2. Short Query Optimizations Now Generally Available in BigQuery
Google has optimized how short-running queries consume resources in BigQuery’s Advanced Runtime, now generally available. This enhancement targets users on BigQuery Editions who run high volumes of short queries.
Before
- Even short, lightweight queries often consumed full slot bursts, leading to unnecessary cost — especially on provisioned slot plans.
- Query cost didn’t scale well with actual execution time.
Now
- Short queries are automatically optimized to reduce slot consumption.
- Runtime enhancements reduce CPU and memory overhead for fast, targeted queries.
What to monitor
- Average slot usage per query before and after adoption
- Query latency improvements for dashboards, APIs, or ML pipelines
- Editions-based slot plan efficiency for short-running workloads
Impact
For organizations using Enterprise or Enterprise Plus BigQuery Editions, this improvement can reduce slot waste and improve ROI — particularly in workloads with many small joins, lookups, or metric queries.
3. On-Demand Slot Usage Visibility in BigQuery
A recent update to the BigQuery console brings more granular visibility into on-demand slot usage, directly tied to specific queries — helping users better understand how query complexity translates to cost.
Before
- On-demand billing was opaque: pricing was based on processed bytes, but actual slot resource usage wasn’t exposed.
- Optimization relied on trial and error.
Now
- The BigQuery UI now surfaces slot usage information for on-demand workloads.
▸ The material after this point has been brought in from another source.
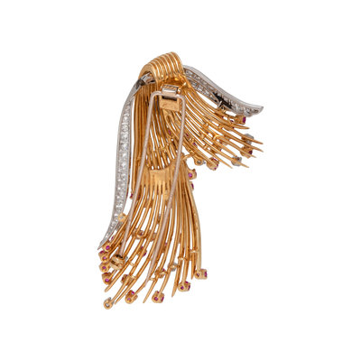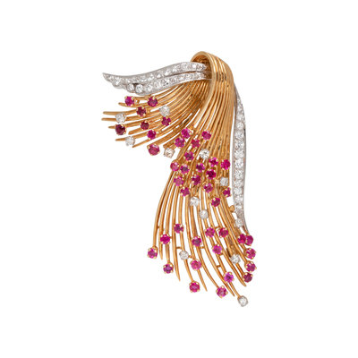 KUTCHINSKY, VINTAGE, YELLOW GOLD, DIAMOND AND RUBY BROOCH

- Engineers and analysts can see how many slots a query used and how long it ran — even if they’re not on a flat-rate plan.
What to monitor
- High-slot-usage queries within on-demand environments
- Misconfigured or inefficient SQL patterns
- Spike patterns tied to analyst workloads or third-party integrations
Impact
This closes a long-standing visibility gap for orgs using on-demand pricing. It’s also an opportunity to reduce spend by improving query structure — without changing plan type
4. Vertex AI and Gemini Pricing Model Updates
As generative AI use expands, Google Cloud has introduced more granular pricing dimensions for Vertex AI — especially for those using Gemini models.
Before
- Pricing was largely tied to training hours and model storage.
- Cost drivers were relatively stable and predictable.
Now
Pricing includes multiple factors:
- Token usage (input/output)
- Context window size
- Provisioned throughput
- Training epochs
- Storage duration
What to monitor
- Prediction and training SKU usage
- AI workloads by project and environment
- Token growth over time across services
Impact
Token-based pricing makes real-time cost observability critical. If you’re building or scaling LLM-backed services, tracking token usage and model configuration is essential for managing volatility in spend.
Summary of Changes
Feature | Key Cost Change | Monitoring Focus |
---|---|---|
CUD Export to BigQuery | Daily visibility into discount usage | SKU-level mapping, commitment utilization |
Short Query Optimization | Reduced slot usage for fast queries | Query runtimes, slot savings, Editions ROI |
On-Demand Slot Insights | Slot visibility in on-demand pricing | Per-query slot usage, inefficient SQL patterns |
Vertex AI & Gemini | Token/context-based billing | Token volume, throughput, project tagging |
Closing Thoughts
Google Cloud is steadily making cost visibility more real-time, granular, and actionable. These improvements aren’t just for billing teams — they’re for infrastructure leaders, platform engineers, and developers who need to operate within budget without slowing down delivery.
What this means in practice:
- FinOps platforms like Costory can now provide more accurate, contextualized insights using CUD and BigQuery metadata.
- Infrastructure teams can optimize AI and analytics usage without waiting for end-of-month surprises.
- Slot management is no longer just about allocation — it’s about intelligent usage.
Cloud cost optimization is shifting from reporting to real-time decision-making. These updates are a step in the right direction.